**Your objective**
Please copy the lines below, exactly as they are, from the one with "Cha Cố Antôn" through the one with "В Челябинске на", and leave out the pictures.
START Supplied records
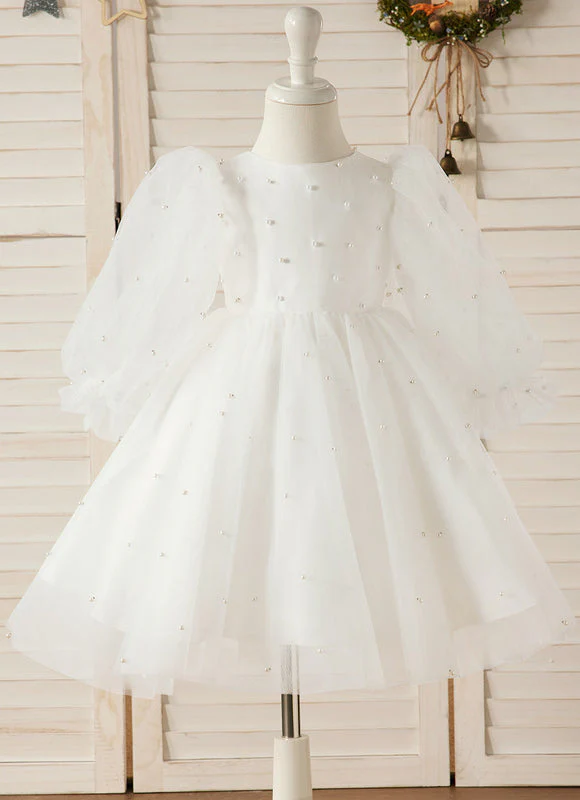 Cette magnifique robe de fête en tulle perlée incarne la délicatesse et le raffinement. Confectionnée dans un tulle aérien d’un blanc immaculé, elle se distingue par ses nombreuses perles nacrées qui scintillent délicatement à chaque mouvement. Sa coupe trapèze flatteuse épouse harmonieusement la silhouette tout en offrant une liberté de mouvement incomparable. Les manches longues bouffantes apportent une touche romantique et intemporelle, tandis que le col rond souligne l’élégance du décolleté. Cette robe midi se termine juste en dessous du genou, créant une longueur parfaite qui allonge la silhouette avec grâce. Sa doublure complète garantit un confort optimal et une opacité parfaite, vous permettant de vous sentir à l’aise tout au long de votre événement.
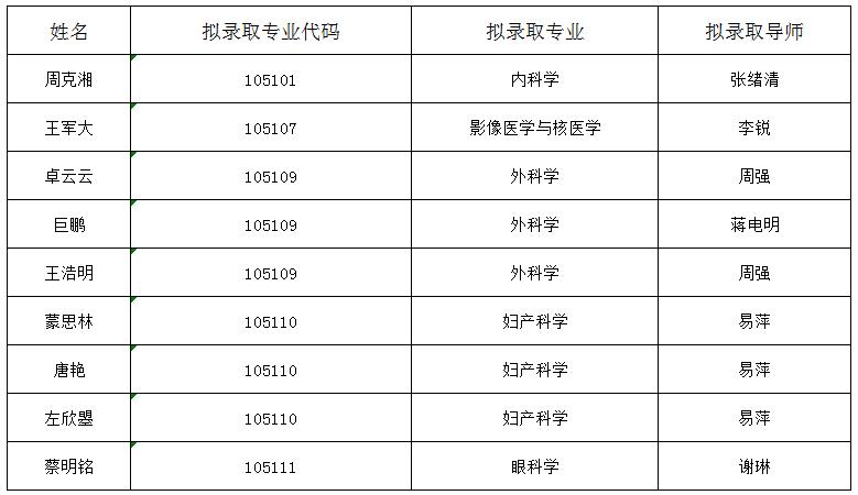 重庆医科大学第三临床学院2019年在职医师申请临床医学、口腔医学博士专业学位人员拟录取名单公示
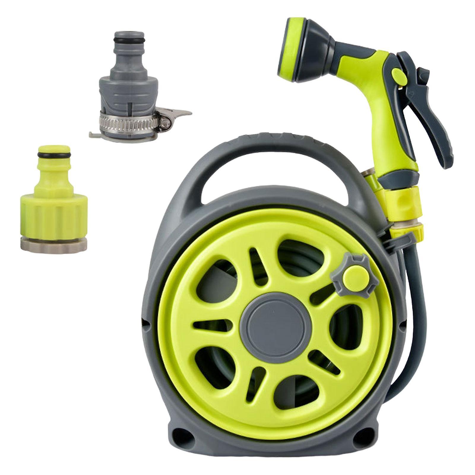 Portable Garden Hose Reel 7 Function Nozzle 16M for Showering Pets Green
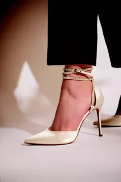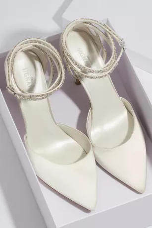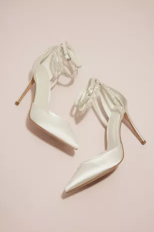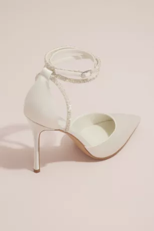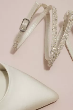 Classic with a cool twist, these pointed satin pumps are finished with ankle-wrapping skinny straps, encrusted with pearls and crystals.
END Supplied records
START Supplied records
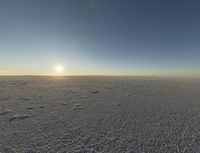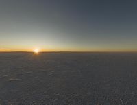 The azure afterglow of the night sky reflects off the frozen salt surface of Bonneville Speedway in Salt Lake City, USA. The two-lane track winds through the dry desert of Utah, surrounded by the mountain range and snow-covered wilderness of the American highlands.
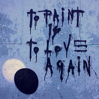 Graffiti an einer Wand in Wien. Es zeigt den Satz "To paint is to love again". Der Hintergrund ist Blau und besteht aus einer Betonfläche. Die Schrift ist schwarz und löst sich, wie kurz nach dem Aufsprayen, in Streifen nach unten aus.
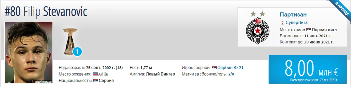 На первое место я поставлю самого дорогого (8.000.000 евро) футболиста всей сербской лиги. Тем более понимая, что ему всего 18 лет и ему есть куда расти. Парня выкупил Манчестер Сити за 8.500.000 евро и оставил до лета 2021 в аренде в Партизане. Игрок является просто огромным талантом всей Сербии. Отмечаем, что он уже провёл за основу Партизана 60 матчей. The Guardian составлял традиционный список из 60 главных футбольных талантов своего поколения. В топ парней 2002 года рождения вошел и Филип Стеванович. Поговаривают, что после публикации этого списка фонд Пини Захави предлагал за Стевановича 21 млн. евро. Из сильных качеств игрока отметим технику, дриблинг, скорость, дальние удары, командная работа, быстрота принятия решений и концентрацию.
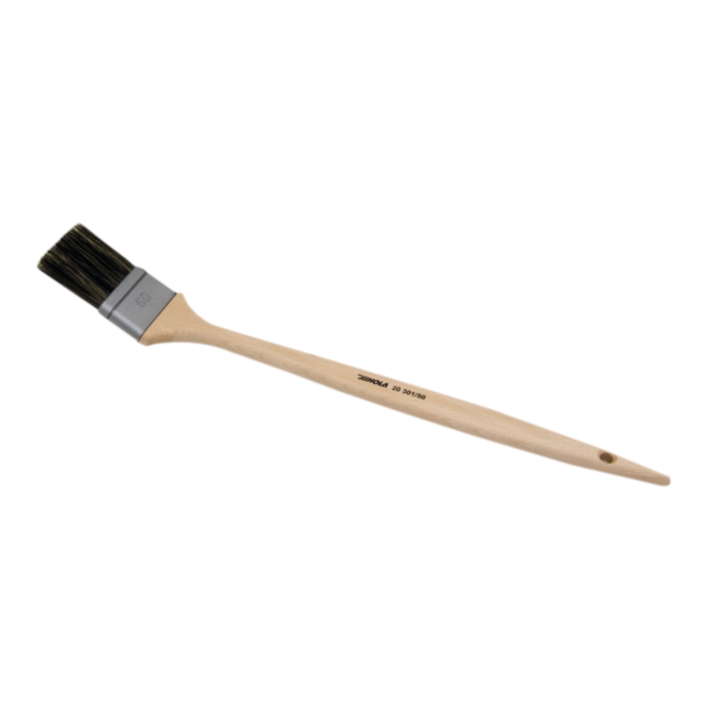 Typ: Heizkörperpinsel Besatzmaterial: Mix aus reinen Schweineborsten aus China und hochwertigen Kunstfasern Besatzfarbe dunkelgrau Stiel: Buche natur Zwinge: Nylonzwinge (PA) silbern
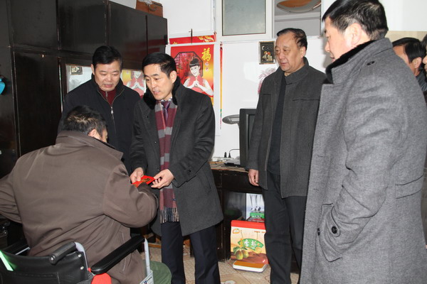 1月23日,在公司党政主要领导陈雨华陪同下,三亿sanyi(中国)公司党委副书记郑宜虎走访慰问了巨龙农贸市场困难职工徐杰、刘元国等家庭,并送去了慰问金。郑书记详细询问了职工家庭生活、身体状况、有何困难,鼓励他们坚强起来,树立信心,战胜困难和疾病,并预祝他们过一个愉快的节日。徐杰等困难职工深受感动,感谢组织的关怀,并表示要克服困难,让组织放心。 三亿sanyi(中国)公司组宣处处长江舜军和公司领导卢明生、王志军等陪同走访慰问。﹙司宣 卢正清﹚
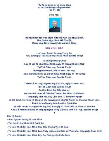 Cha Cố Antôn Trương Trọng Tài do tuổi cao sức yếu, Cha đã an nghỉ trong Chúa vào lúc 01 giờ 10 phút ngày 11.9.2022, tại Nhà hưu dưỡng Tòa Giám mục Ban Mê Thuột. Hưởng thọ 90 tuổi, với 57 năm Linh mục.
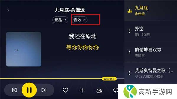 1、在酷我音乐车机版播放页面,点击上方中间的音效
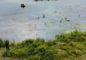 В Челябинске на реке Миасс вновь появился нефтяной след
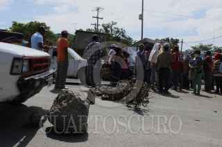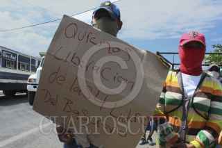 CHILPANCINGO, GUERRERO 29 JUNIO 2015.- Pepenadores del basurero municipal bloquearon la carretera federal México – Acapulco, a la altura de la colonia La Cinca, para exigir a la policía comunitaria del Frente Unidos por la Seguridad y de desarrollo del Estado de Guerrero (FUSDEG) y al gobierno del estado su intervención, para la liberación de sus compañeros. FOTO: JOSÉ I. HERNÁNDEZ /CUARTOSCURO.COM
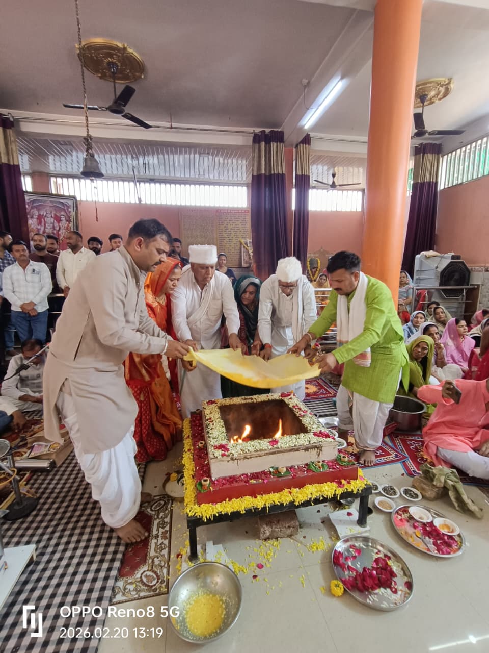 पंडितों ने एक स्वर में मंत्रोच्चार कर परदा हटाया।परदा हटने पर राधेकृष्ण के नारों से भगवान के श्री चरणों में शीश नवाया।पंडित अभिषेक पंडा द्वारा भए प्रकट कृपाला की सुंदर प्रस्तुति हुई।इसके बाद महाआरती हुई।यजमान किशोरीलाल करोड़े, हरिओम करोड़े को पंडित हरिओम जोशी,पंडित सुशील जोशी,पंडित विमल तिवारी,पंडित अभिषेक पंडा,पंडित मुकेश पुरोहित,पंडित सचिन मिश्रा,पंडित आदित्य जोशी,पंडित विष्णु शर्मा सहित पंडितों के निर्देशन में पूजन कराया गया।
END Supplied records
**Solution to this exercise**
 Cha Cố Antôn Trương Trọng Tài do tuổi cao sức yếu, Cha đã an nghỉ trong Chúa vào lúc 01 giờ 10 phút ngày 11.9.2022, tại Nhà hưu dưỡng Tòa Giám mục Ban Mê Thuột. Hưởng thọ 90 tuổi, với 57 năm Linh mục.
 1、在酷我音乐车机版播放页面,点击上方中间的音效
 В Челябинске на реке Миасс вновь появился нефтяной след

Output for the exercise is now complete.